New Jersey has revised the HomeKeeper program to make its $300 million federal funding more available to the state’s needy families. This program was designed to help struggling homeowners who are at risk of foreclosure directly caused by unemployment or underemployment to stay in their homes. Approximately 1,000 homeowners have taken advantage of this debt relief program.

Under the HomeKeeper program, homeowners can take out a zero percent mortgage loan of up to $48,000 on their primary home. This loan can be paid off in full at five years or when the home is sold before then.
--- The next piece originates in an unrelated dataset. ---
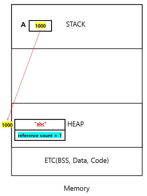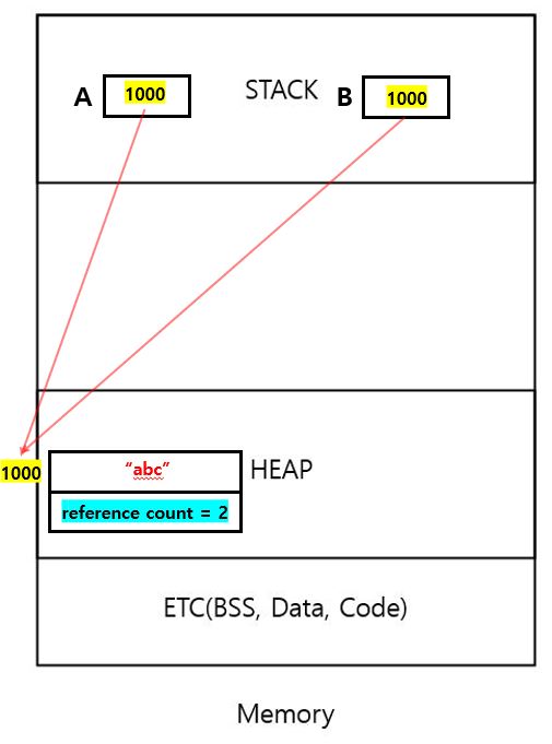 객체가 생성되면 해당 객체가 저장되어 있는 주소(Heap)에서 실제 value와 함께 reference count라는 변수가 1로 초기화된 상태로 저장된다.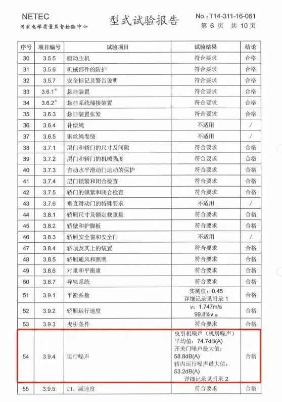 因此,在升降机恒定运转情况下,住户在室内基本听不到升降机运转声音以西奥升降机为例,国家升降机质量监督检验中心出具的特种设备型式实验报告显示,装设升降机的相关运转噪音检测值均符合标准规定。

If the homeowner still lives in the home after five years, the program’s lender will forgive the mortgage loan at a rate of 20 percent per year until the 10th year, when the lender will forgive the loan entirely.

To receive the benefits of the HomeKeeper program, the underemployed person must demonstrate a drop in income of 15 percent instead of the previously required 25 percent. People can apply for the loan no matter when they purchased their homes. People who have been unemployed for up to 3 years may be eligible under the program even if they are not eligible to receive unemployment benefits.

These changes, which took effect Sept. 1, were made to get distressed New Jersey homeowners the financial assistance they need in the shortest amount of time. However, there may be adverse income tax consequences associated with this program. New Jersey homeowners may wish to consult with an experienced bankruptcy attorney to determine if this program is right for their situation or if other steps should be taken.